La transmission d’une exploitation agricole

Malgré les dernières avancées de la loi du 23 juin 2006 concernant le règlement des successions, il reste toujours plus intéressant financièrement d’organiser à l’avance sa succession. Prévoir la transmission de son exploitation agricole fait partie intégrante de ce processus.


Faire un bilan patrimonial

Afin de respecter l’équité dans la transmission de son patrimoine à ses enfants, il est préférable de faire, au préalable, un bilan patrimonial mesurant sa situation personnelle et professionnelle, et de choisir par la suite le moyen de transmission le plus adapté à son cas entre le testament, la donation ou le don manuel.
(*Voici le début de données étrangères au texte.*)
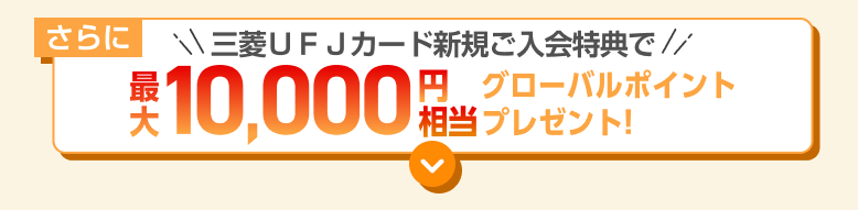 さらに、新規発行で最大10,000円相当のポイントがもらえます。入会日から翌月末までに①MDC(三菱UFJニコス)アプリにログイン、②ショッピング利用(1円~3万円未満で1,000円相当、3万円~10万円未満で3,000円相当、10万円以上で10,000円相当)で達成。
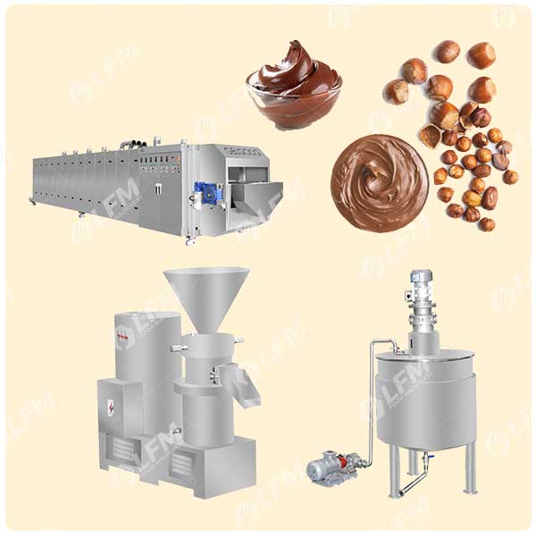 المطحنة: تطحن البندق إلى عجينة ناعمة تستخدم كأساس للدهن. تؤثر دقة الطحن بشكل مباشر على قوام دهن البندق.

Pour ce qui est de l’évaluation de son exploitation, il est préférable de la réaliser, en toute objectivité, avec l’aide de votre centre de gestion ou de votre expert-comptable ou de votre conseiller du Crédit Agricole.


Préparer sa retraite

Avant d’adapter la composition de son patrimoine en fonction du niveau de revenu complémentaire à sa retraite désiré, il faut commencer par évaluer ses besoins financiers futurs et établir un budget prévisionnel. Pourquoi ne pas envisager le démembrement de propriété et conserver l’usufruit de tout ou partie de ses terres afin de bénéficier des revenus de leur location ?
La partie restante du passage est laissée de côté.